Task » Leave out the pictures. Return every record otherwise untouched.

(Recorded data)
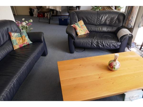 3. 2 en 3-zitsbank donkerblauw leder en salontafel massief beukenhout
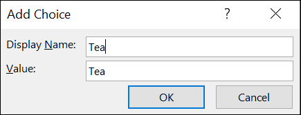 در پنجره “Add Choice”، نام آیتم جدید را در فیلد “Display Name” تایپ کنید. فیلد “Value” بهصورت خودکار با استفاده از دادههای موجود در فیلد اول، خودش را پر میکند. بنابراین لازم نیست که نگران آن باشید.
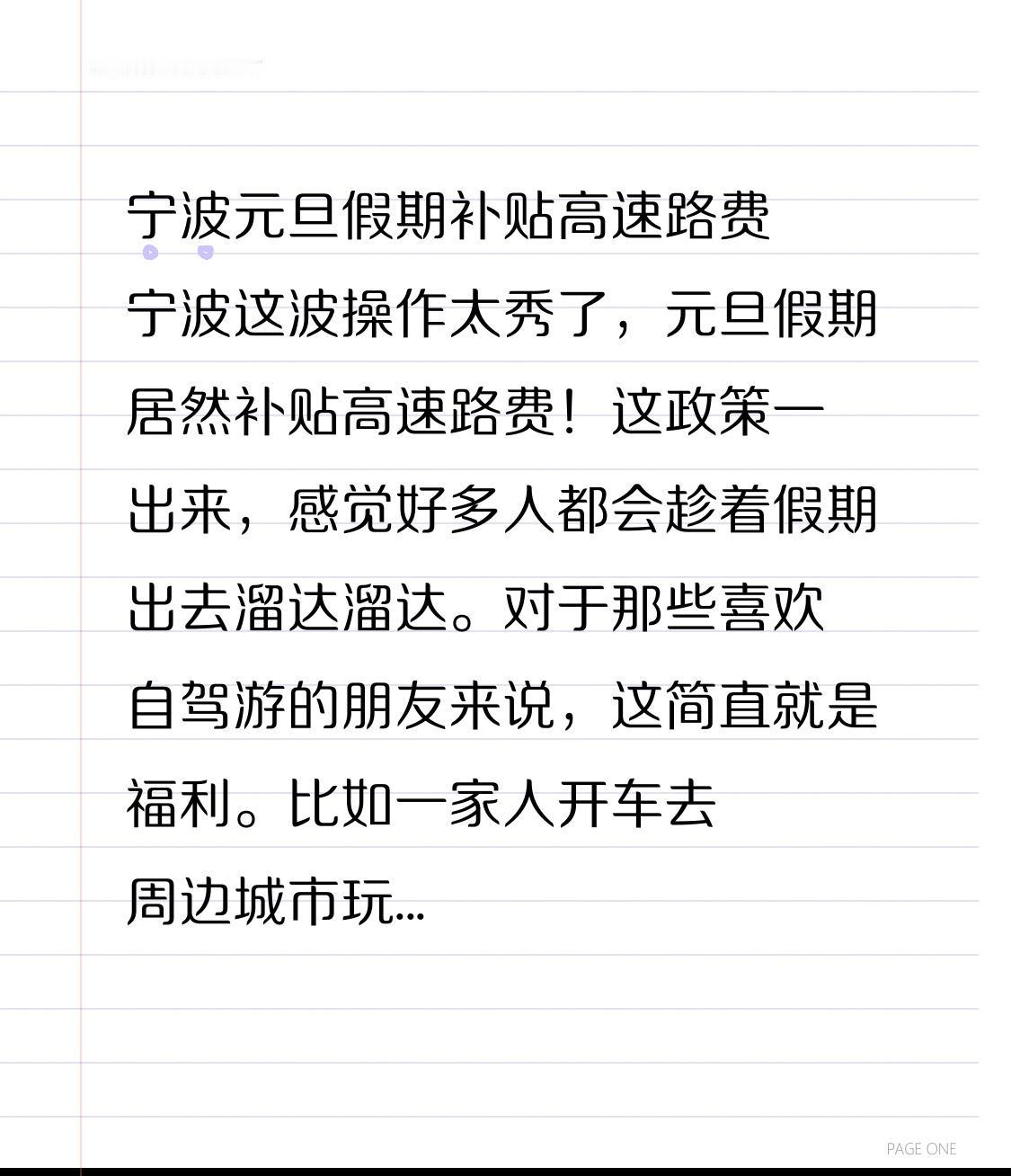 宁波元旦假期补贴高速路费 宁波这波操作太秀了,元旦假期居然补贴高速路费!这政策一出来,感觉好多人都会趁着假期出去溜达溜达。对于那些喜欢自驾游的朋友来说,这简直就是福利。比如一家人开车去周边城市玩,原本来回的高速路费可能要好几百,现在有补贴,能省不少钱。这不仅能促进旅游业,还能让大家出行的成本降低。不得不说,宁波这是把大家的假期安排得明明白白,让大家开开心心过元旦,痛痛快快去游玩!
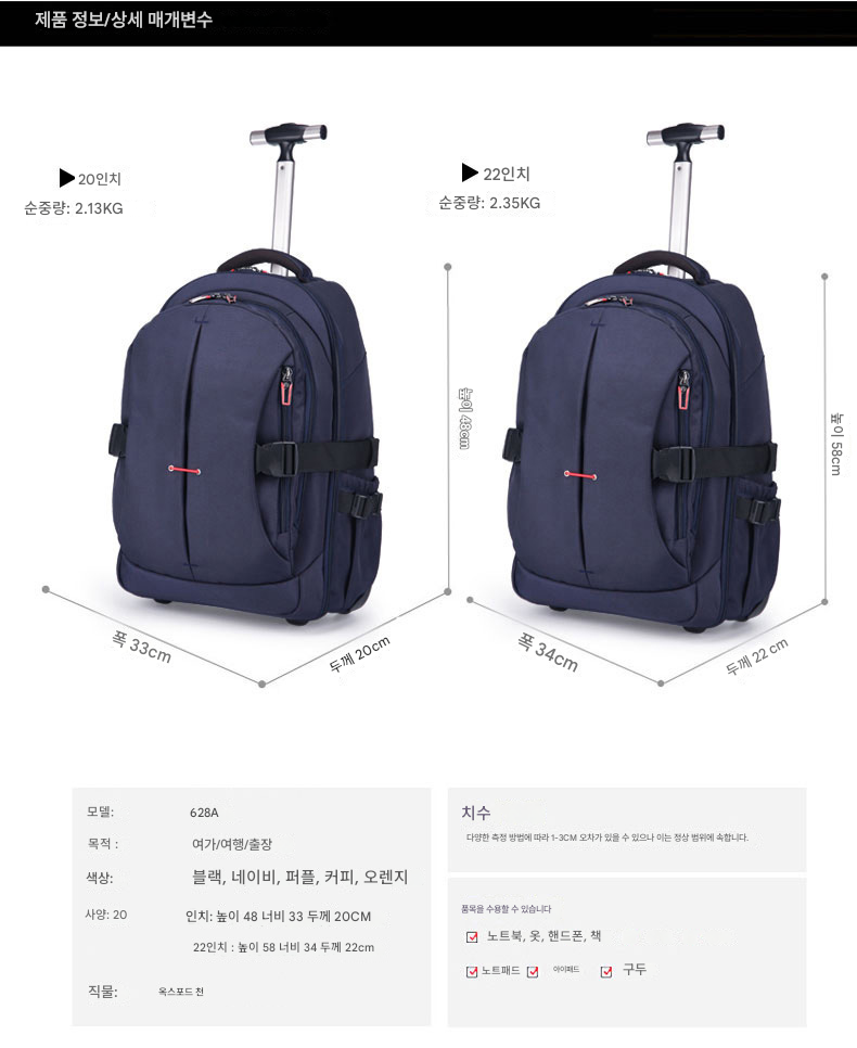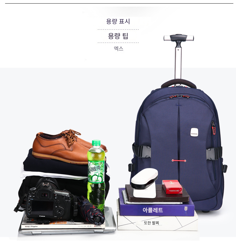 뒤로 운반 및 당길 수 있는 다기능 트롤리 백 비즈니스 러기지 백 옥스포드 천 방수 여행 가방 다중 포켓 컴퓨터 백
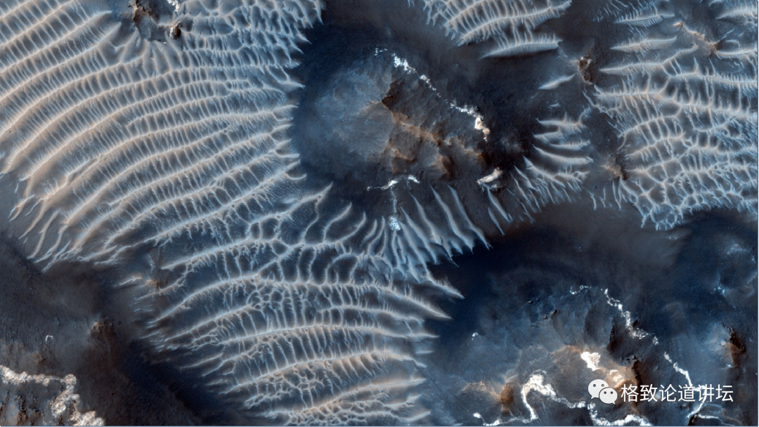 这张是我最喜欢的。通过把不同谱段的图像处理成伪彩,然后就形成了这样一张火星地貌的图片。
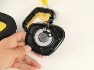 Аккуратно снимите наушник с наушников, захватив нижнюю часть амбушюра и отрывая его от края, который удерживает его на месте.
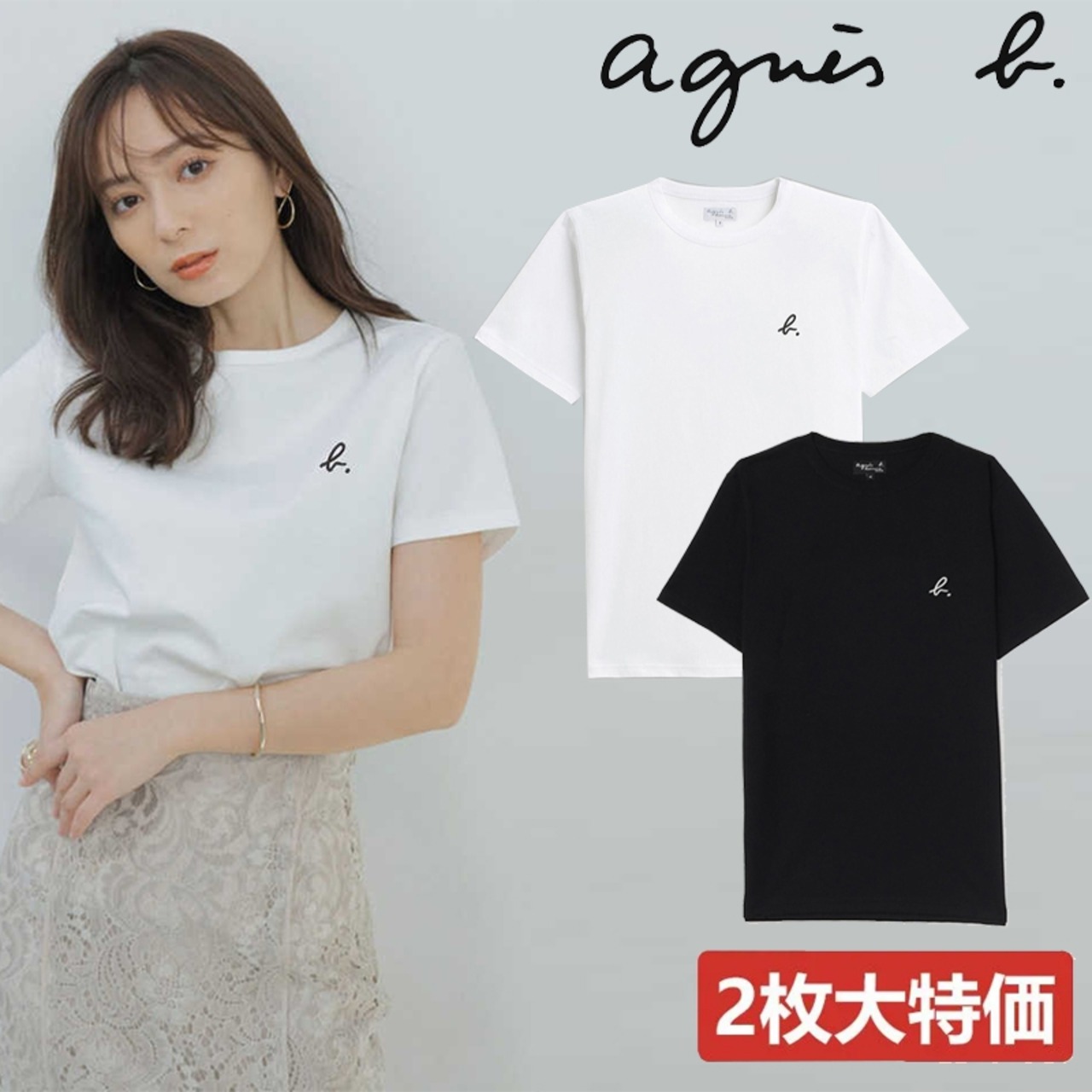 【2枚大特価】agnes b. アニエスベー 刺繍 ロゴ 半袖 Tシャツ シンプル無地 カジュアル レディース 綿 半袖 Tシャツ
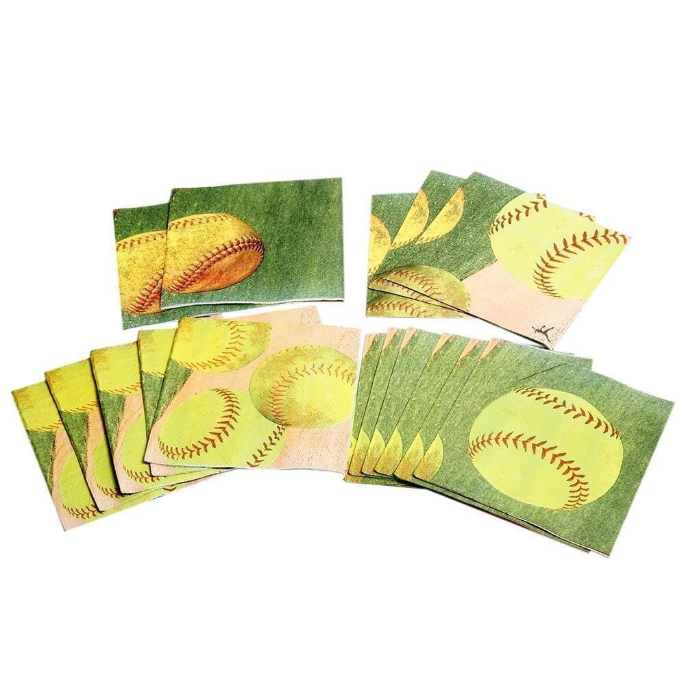 Score big when you serve up Fastpitch Softball Beverage Napkins! These small paper napkins feature a realistic printed image bright yellow softballs on a background of a softball field. Use these sports napkins for spills and messes when you invite the team over after a game. These paper napkins are also a perfect addition to your child’s sports-theme birthday party. Fastpitch Softball Beverage Napkins product details: 16 per package 5in x 5in when folded 2-ply paper.
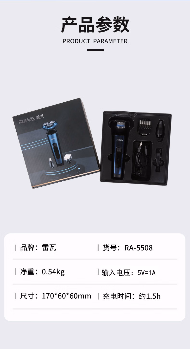 商品名称:雷瓦(RIWA) 电动剃须刀充电便携刮胡刀 浅蓝色 单位:台
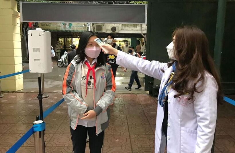 Cô Ngân đo thân nhiệt hàng ngày cho học sinh khi các con đến trường
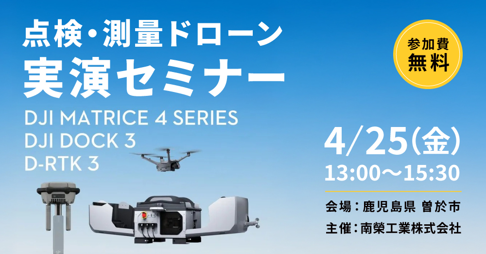 南榮工業株式会社主催 DJIの最新産業機「DJI Dock3」と「DJI Matrice 4」シリーズセミナーを開催します。
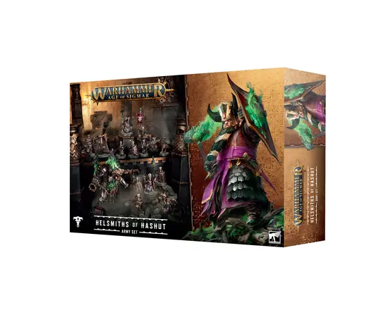 The Helsmiths of Hashut Army Set is your first step into this ruthless new faction. Inside youÂ’ll find 14 brand-new miniatures, ready to take the field immediately as the Helforge Host Spearhead. Command a mighty War Despot, lead a 10-strong Infernal Cohort with Hashutite Spears (plus hobgrot gong carrier), and unleash the raw power of two daemonfire-driven war machines: the Dominator Engine & the Tormentor Bombard.

Result below »
 3. 2 en 3-zitsbank donkerblauw leder en salontafel massief beukenhout
 در پنجره “Add Choice”، نام آیتم جدید را در فیلد “Display Name” تایپ کنید. فیلد “Value” بهصورت خودکار با استفاده از دادههای موجود در فیلد اول، خودش را پر میکند. بنابراین لازم نیست که نگران آن باشید.
 宁波元旦假期补贴高速路费 宁波这波操作太秀了,元旦假期居然补贴高速路费!这政策一出来,感觉好多人都会趁着假期出去溜达溜达。对于那些喜欢自驾游的朋友来说,这简直就是福利。比如一家人开车去周边城市玩,原本来回的高速路费可能要好几百,现在有补贴,能省不少钱。这不仅能促进旅游业,还能让大家出行的成本降低。不得不说,宁波这是把大家的假期安排得明明白白,让大家开开心心过元旦,痛痛快快去游玩!
 뒤로 운반 및 당길 수 있는 다기능 트롤리 백 비즈니스 러기지 백 옥스포드 천 방수 여행 가방 다중 포켓 컴퓨터 백
 这张是我最喜欢的。通过把不同谱段的图像处理成伪彩,然后就形成了这样一张火星地貌的图片。
 Аккуратно снимите наушник с наушников, захватив нижнюю часть амбушюра и отрывая его от края, который удерживает его на месте.
 【2枚大特価】agnes b. アニエスベー 刺繍 ロゴ 半袖 Tシャツ シンプル無地 カジュアル レディース 綿 半袖 Tシャツ
 Score big when you serve up Fastpitch Softball Beverage Napkins! These small paper napkins feature a realistic printed image bright yellow softballs on a background of a softball field. Use these sports napkins for spills and messes when you invite the team over after a game. These paper napkins are also a perfect addition to your child’s sports-theme birthday party. Fastpitch Softball Beverage Napkins product details: 16 per package 5in x 5in when folded 2-ply paper.
 商品名称:雷瓦(RIWA) 电动剃须刀充电便携刮胡刀 浅蓝色 单位:台
 Cô Ngân đo thân nhiệt hàng ngày cho học sinh khi các con đến trường
 南榮工業株式会社主催 DJIの最新産業機「DJI Dock3」と「DJI Matrice 4」シリーズセミナーを開催します。
 The Helsmiths of Hashut Army Set is your first step into this ruthless new faction. Inside youÂ’ll find 14 brand-new miniatures, ready to take the field immediately as the Helforge Host Spearhead. Command a mighty War Despot, lead a 10-strong Infernal Cohort with Hashutite Spears (plus hobgrot gong carrier), and unleash the raw power of two daemonfire-driven war machines: the Dominator Engine & the Tormentor Bombard.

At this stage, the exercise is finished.